– Почему?
– Очевидно, вассалы не совершили никаких проступков…
– Вздор! Вы еще скажите, что мне повесить некого и не за что!
– Господи боже, вы кого-то хотите повесить?
– Непременно, друг мой, непременно.
– Но за что?
– Видите ли, друг мой, мне уже несколько лет не выплачивают моего законного содержания. Я усматриваю в этом, ни много ни мало, государственную измену.
– И… измену?
– Ну, посудите сами, господин канцлер, вы ведь человек, несомненно, сведущий в законах, не так ли?
– Я магистр права Геттингенского университета.
– Превосходно, совершенно превосходно! Так вот, посмотрите на моего кузена, разве можно предположить, что этот добрейшей души человек мог бы лишить своего любимого родственника законного содержания? Совершенно очевидно, что нет! Следовательно, имеет место злой умысел на измену и злостное неповиновение законной власти. Осталось только выяснить виновного и предать его справедливому возмездию.
– Но, ваша светлость!
– Никаких «но», мой друг, справедливость превыше всего! Dura lex sed lex![25 - Суров закон, но это закон (лат.).] Наливай!
Вскоре герцог и его канцлер выпали из реальности и, судя по всему, не собирались в нее возвращаться. Впрочем, в данный момент это не нужно было ни им, ни реальности.
Следующим посетителем был некий всклокоченный субъект в кирасе и ночном колпаке. Как выяснилось, сей доблестный муж командовал охраной замка. Я не стал даже узнавать его имени, с ходу объявив о его отставке.
– Что за порядки, черт вас подери! Хорошо, что о недостатках охраны моего дорогого кузена узнал я. А если бы это были какие-нибудь злоумышленники? Или, не приведи господь, паписты! Просто страшно подумать! Эй, кто-нибудь, гоните его в шею!
– Сын мой, именем господа! Что вы творите! – патетически вскричал ворвавшийся в зал настоящий католический падре в сутане.
– Это еще что за явление? Опаньки, папист! Сам пришел!
Блин, совсем забыл – ведь мой кузен еще католик. Надо сказать, после некоторых обстоятельств я отношусь к католикам несколько предвзято. Не нравится мне их пиромания. Нет, я понимаю, что протестанты тоже грешат этим невинным увлечением, но они, по счастью, не пытаются отправить меня на костер.
– Любезный, а вы кто? Хотя дайте угадаю – вы, очевидно, духовник моего кузена, не так ли?
– Так, сын мой.
– Печально, весьма печально, святой отец, что вы столь небрежно выполняете свои обязанности! Посмотрите на своего духовного сына – он нажрался как последняя свинья, а ведь еще раннее утро. А как же воздержание, а где же, позвольте спросить, умерщвление плоти? Кстати, вы не знаете, где в замке камера для пыток? Ну, ничего страшного, мы люди не гордые, можем и на свежем воздухе. Увести, но отнюдь не отпускать – сдается мне, падре знает много интересного.

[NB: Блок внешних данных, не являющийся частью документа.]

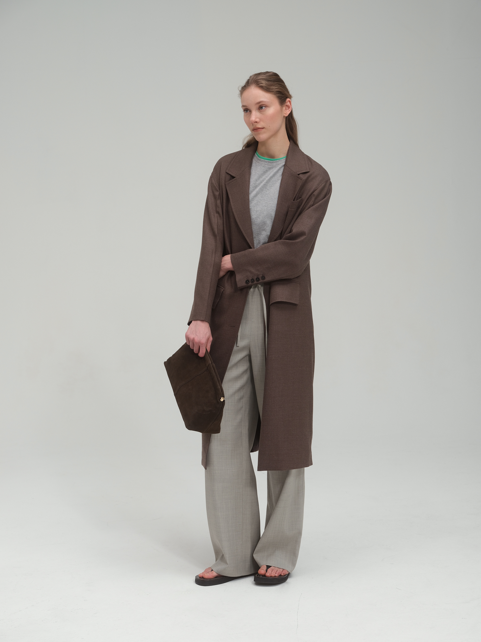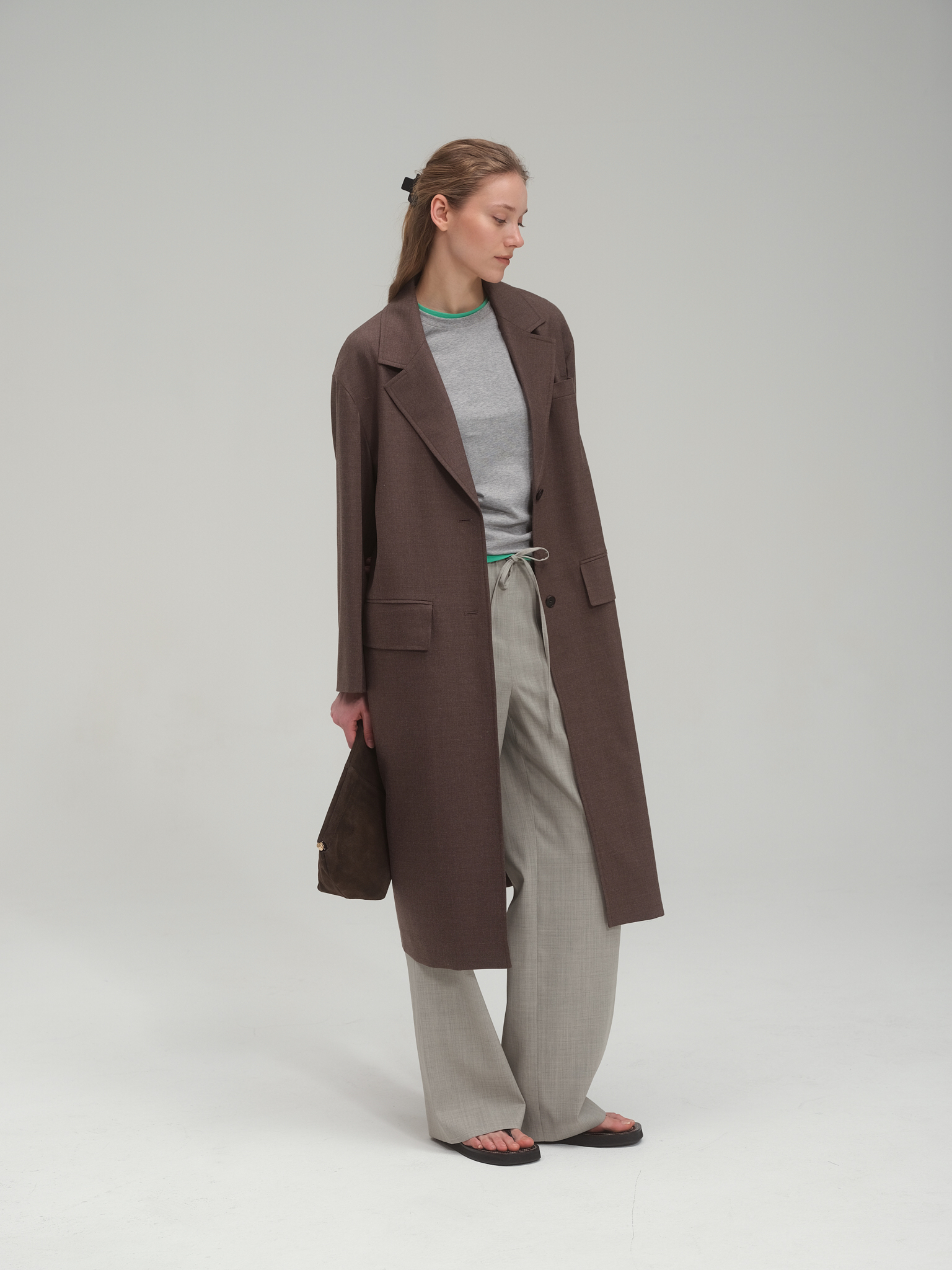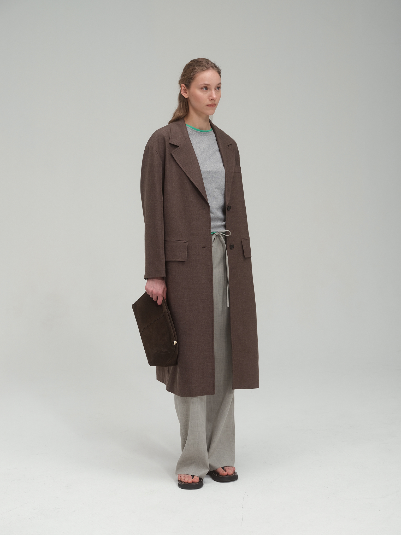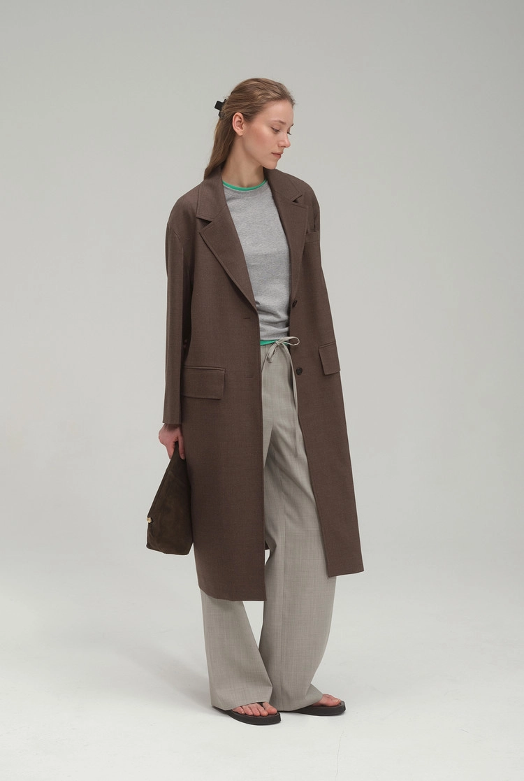 Light wool blend trench_Brown Plain

Окинув взглядом своих приближенных, я пришел к выводу, что они достаточно подкрепились и дальнейшее продолжение чревато попойкой.

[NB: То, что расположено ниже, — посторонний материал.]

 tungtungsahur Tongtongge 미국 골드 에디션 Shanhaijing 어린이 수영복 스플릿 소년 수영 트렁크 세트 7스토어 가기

– Ладно, подкрепились – пора заняться делами. Где тут кабинет моего светлейшего родственника?
Вольготно расположившись в кресле, я диктовал Мэнни несколько посланий. Первое – в Шверин, второму своему кузену-герцогу Адольфу Фридриху, в котором в самых изысканных выражениях сообщал о своем приезде и просил о встрече с целью обсудить некие важные вопросы. Второе – своей тетке, матери Иоганна Альбрехта и Адольфа Фридриха герцогине Софии с практически идентичным содержанием. Кузены, дорвавшись до власти, сослали свою матушку, чтобы не мешала куролесить добрым молодцам, и я имел основания рассчитывать на ее поддержку. Третье письмо отправилось в соседнее герцогство Брауншвейг, в славный город Вольфенбютель, уже к моей матушке и ее нынешнему мужу высокородному Августу-младшему. Брауншвейгское герцогство входит с Мекленбургом в один и тот же имперский округ, так что люди они здесь не чужие и могут пригодиться в делах моих скорбных. Да и по Марте я соскучился, чего уж там. Следом несколько писем во все крупные города – дескать, герцог вернулся, желает справедливости, и если у кого какие жалобы, то милости просим.

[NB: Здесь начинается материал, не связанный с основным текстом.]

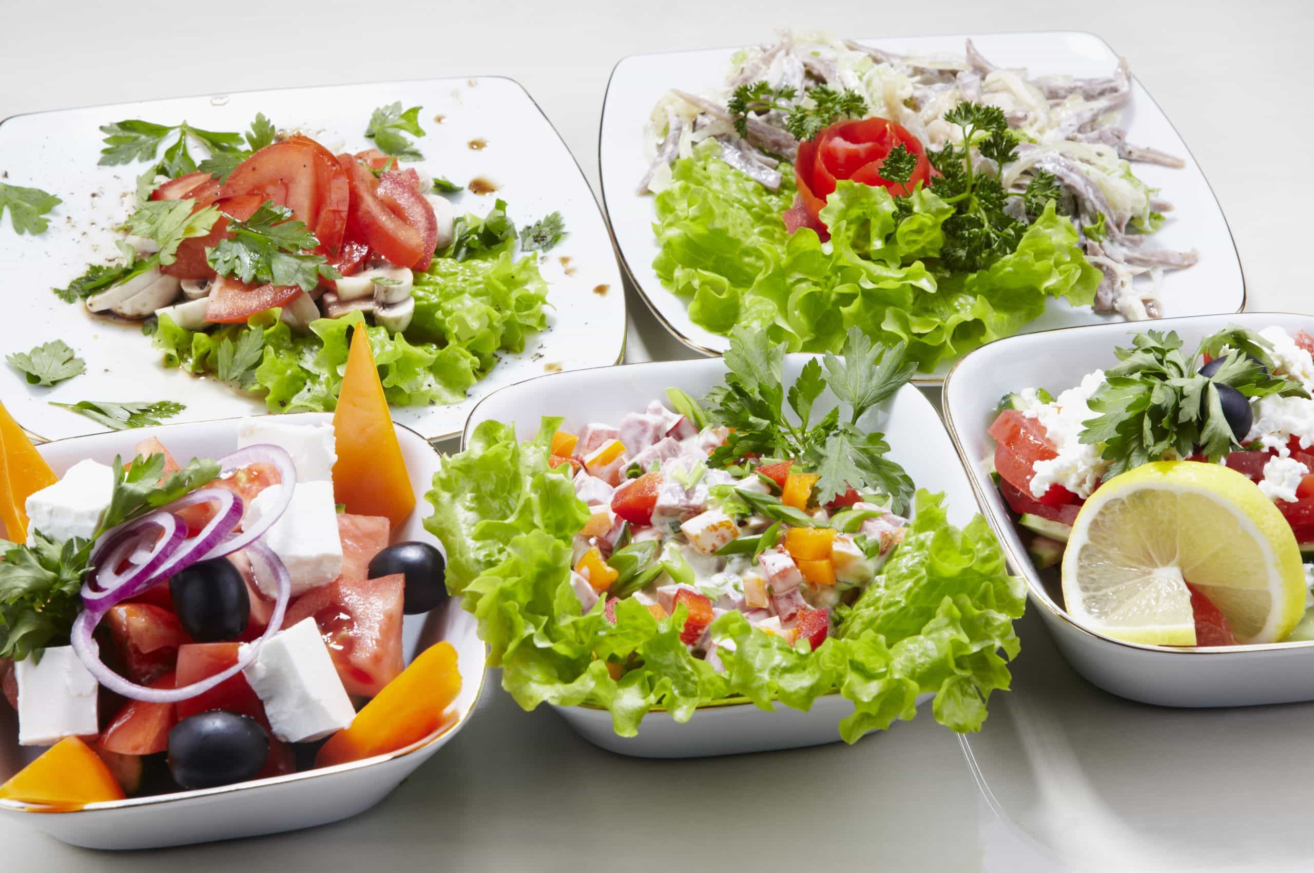 The most common salads from a variety of cuisines are:

День незаметно пролетел в заботах, и когда наконец появилась свободная минутка, я с удивлением обнаружил, что день окончен и пора бы поужинать. Беспорядок, вызванный нашим появлением, постепенно утих, и привычная жизнь взяла свое. Семейство моего кузена и их приближенные заняли свои места за столом согласно этикету, и я обнаружил, что для меня достойного места там нет. Не говоря уж о моих офицерах. Так, я не понял, кому-то спьяну безопасность приснилась? Впрочем, нет, помятая физия моего кузена выражала полное непонимание происходящего, так что это не его фронда. Ага, моя кузина герцогиня Маргарита Елизавета сердито зыркала глазами. Надо сказать, она мне кузина не только потому, что жена двоюродного брата. Она младшая дочь герцога Кристофа, брата нашего общего деда. Надо сказать, этот Кристоф был той еще сволочью. Светский епископ, бурно поддержавший Реформацию и жадно хапавший все секуляризированное имущество, до которого мог дотянуться. Когда часть этого имущества досталась не ему, а моему отцу, пришел в ярость и всячески пытался оттягать ее. Так что распря у нас старая. Доченька, видать, пошла в папашу и будет строить козни. Ну ладно, пусть строит. Я подошел танцующим шагом к столу и уселся с противоположной стороны от герцога. Мои офицеры заняли места по бокам, и я, выразительно посмотрев на подающих еду слуг, придал им необходимое ускорение. Стол мгновенно сервировался, и мы приступили к трапезе. Какое-то время с аппетитом поглощали пищу в тишине, но невестке, видимо, не сиделось на попе ровно, и она громко, ни к кому не обращаясь, произнесла:
– Ах, какой невкусный сегодня суп! Наверное, его готовил не наш повар, а эти ужасные варвары, занявшие наш замок!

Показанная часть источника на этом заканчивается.